Auriemma concurred, praising his team for their resilience and strength in a season that featured several would-be game changing disasters, headlined by the combined 30 games lost between Bueckers and Fudd. Though several streaks, including Auriemma’s perfect 11-0 mark in the national title game, were lost, UConn was still able to return to the early April finale, taking down two No. 1 seeds in the process (NC State and defending champion Stanford).

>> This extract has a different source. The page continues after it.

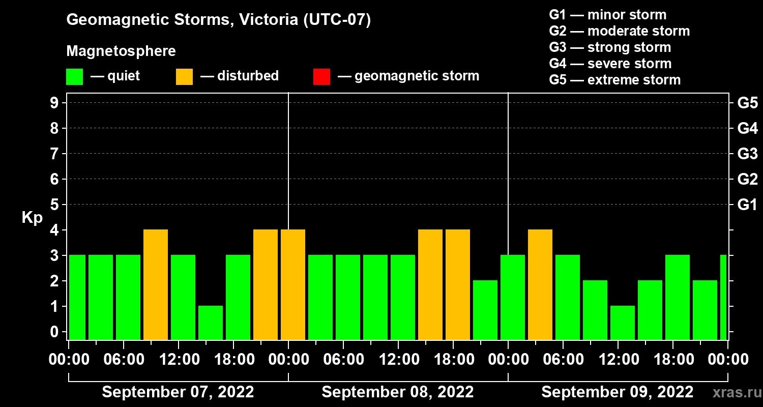 Geomagnetic storms in Victoria on Sep 09, 2022

“For them to…be in this game was quite an achievement. If you'd have said in November when we left the Bahamas that we would be playing South Carolina tonight, maybe everybody would have said that could possibly happen very easily, right?” Auriemma said. “The way it went, I guess if you weren't there, if you didn't see it, if you didn't feel it every day in practice or just who can't go, who can go, it was just a credit to them that they were able to hold it together for that long. We certainly had our ups and downs. The best way I can say it is I'm really proud of them. But tonight we just weren't good enough. We just weren't good enough.”
“They're competitors. They want to compete. It's easy to compete when you're winning. It's easy to compete when everything is going well. But it's something else when it's a struggle. Everything was a struggle tonight. Everything was a struggle,” the head coach continued. “But that's what competition is, right? That's what's at the heart of competing, that you compete even when the chances of winning are slim, when nothing is going your way and you still compete. Otherwise you shouldn't call yourself a competitor.”
“We've got some competitive kids on our team that, again, we wouldn't be here if they weren't. Today was another example of how competitive they are.”